TMPGEnc Plus/TMPGEnc Free Version was often rated as one of the best-quality MPEG-1/MPEG-2 encoders, alongside Canopus ProCoder and Cinema Craft Encoder. The popularity of TMPGEnc encoders has spawned various other products and "TMPGEnc" is now used as a general brand name for products such TMPGEnc Authoring Works (a consumer-grade Blu-ray Disc, DVD, and DivX authoring tool), TMPGEnc MovieStyle (a video converter primarily for portable and set-top devices), and TMPGEnc MPEG Editor (an MPEG editing program). TMPGEnc Plus is currently still sold by Pegasys Inc., alongside TMPGEnc Video Mastering Works, TMPGEnc Authoring Works, TMPGEnc MovieStyle, TMPGEnc MPEG Editor, TMPGEnc Instant Show Presenter, and TMPGEnc KARMA..Plus. The TMPGEnc Free Version was updated in 2008 for compatibility with Windows Vista (SP1 included).

== Technical details ==
TMPGEnc Plus in first releases provided advanced MPEG-1 and MPEG-2 video encoding with various technical options, MPEG-1 Layer II and Layer I audio encoding, support for external audio encoders (such as toolame, l3enc, mp3enc, LAME), internal video filters (such as deinterlacing), support for various input formats (AVI, MPEG, WAV, sequence JPEG, TGA files, etc.) depending on installed DirectShow filters, VFAPI frameserver support, support for AVI, WAV, BMP, TGA output and other features. TMPGEnc encoders can read most video formats, as long as the appropriate DirectShow filters are installed in the system. TMPGEnc Plus and TMPGEnc Free Version include tool named "MPEG Tools", which is a simple multiplexer and demultiplexer for MPEG containers (MPEG program stream).

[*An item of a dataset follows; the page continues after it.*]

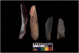 | Description / विवरण | There are n 4 of utilized worked blades and have irregular dominant scar pattern. Three are tapering at one end. |

TMPGEnc Video Mastering Works also provides HD MPEG-4 AVC/H.264 output support, Blu-ray Disc output support, AVCHD input support, DVD-Video and DVD-VR input support, MKV input and output support, FLV input, etc. It is the first TMPGEnc product to incorporate the x264 encoding engine for MPEG-4 AVC/H.264 output and is the first software product to commercially license the x264 encoder.
New to TMPGEnc Video Mastering Works 6 over previous versions is H.265/HEVC encoding support (4K and 8K), H.264/AVC 10-bit format (4:2:2 and 4:4:4) output support, and more.